All sessions were audiotaped when patients agreed to this. Independent evaluation of a stratified sample of tapes was carried out using the cognitive therapy scale modified for psychosis (Reference Haddock, Devane and BradshawHaddock et al, 2001). A cut-off score of 30 was taken as indicating acceptable quality of therapy analysis. This revealed that the vast majority of sessions were above this level (mean=38.84, 95% CI 35.78-41.9).
Results were analysed using SPSS version 10 and Stata version 6 on an intention-to-treat basis. Differences between the two groups were assessed using analysis of covariance and chi-squared tests, with risk ratios calculated for categorical variables. Tests of skewness and normality across clinical variables were within acceptable limits.
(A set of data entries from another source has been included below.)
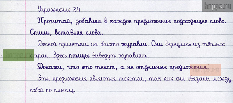 Подробные ответы к 24 упражнению учебника 2020 года по русскому языку автора Т.Г. Рамзаева для учащихся 1 класса. Слово. Предложение. Текст.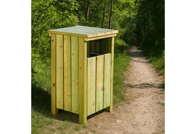 Afin d'aménager des points de collecte de déchets dans vos espaces publics, Leader Équipements vous propose la poubelle urbaine réalisée en Pin du Nord traité autoclave et certifié FSC.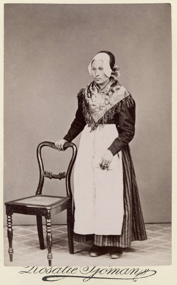 Titel: Kvinna står och håller i stolsryggen

Primary and secondary outcome measures were assessed in relation to whether there was a significant difference using intention-to-treat (n=422) analysis of covariance. The covariates used were treatment group and baseline measurements for the corresponding dependent variables. Post therapy, missing data were estimated by calculating the respective post-therapy group means of those patients who returned for follow-up. These means were entered for those patients who dropped out. The level of improvement in the main outcome measures indicating a good clinical improvement was taken as 25%. This was decided on an a priori basis in relation to other published work. Analysis of clinically significant results was then carried out using chi-squared tests.
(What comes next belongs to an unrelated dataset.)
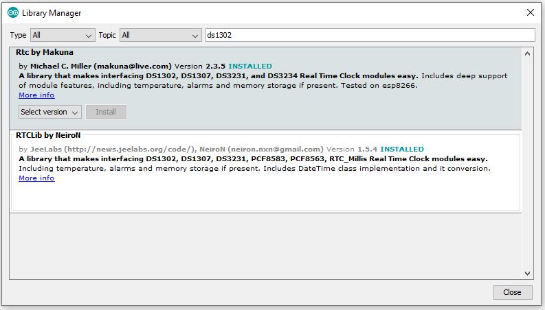 DS1302RTC 모듈을 동작하기 위해 라이브러리가 설치 되어야 합니다. 라이브러리 관리자로 이동하여 Makuna의 Rtc 라이브러리를 설치합니다.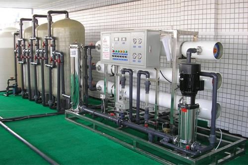 原水→原水加压泵→多介质过滤器→活性炭过滤器→软水器→精密过滤器→一级反渗透机→中间水箱→中间水泵→EDI系统→微孔过滤器→用水点

The characteristics of the patient sample are described in Table 1. There were no statistically significant baseline differences between the groups. Severity, as estimated by number of previous relapses and by number of previous days in hospital for schizophrenia, was not statistically significantly different between the groups. The CBT intervention group had a mean of 4.71 previous admissions for schizophrenia (95% CI 4.09-5.33) with a mean number of previous days in hospital for schizophrenia of 48.53 (95% CI 37.84-59.21). In comparison, the TAU group had a mean of 5.18 admissions (95% CI 4.33-6.03) and 52.01 days in hospital (95% CI 37.94-66.07). Medication dose as given by chlorpromazine equivalence and use of atypical neuroleptics was not statistically significantly different between the two groups. The CBT intervention group had a mean figure for chlorpromazine equivalence of 746.88 mg (95% CI 602.79-890.96) and the TAU group of 886.58 mg (95% CI 660.72-1112.44). Of those on atypical neuroleptics, 55 were in the CBT intervention group and 25 in the TAU group.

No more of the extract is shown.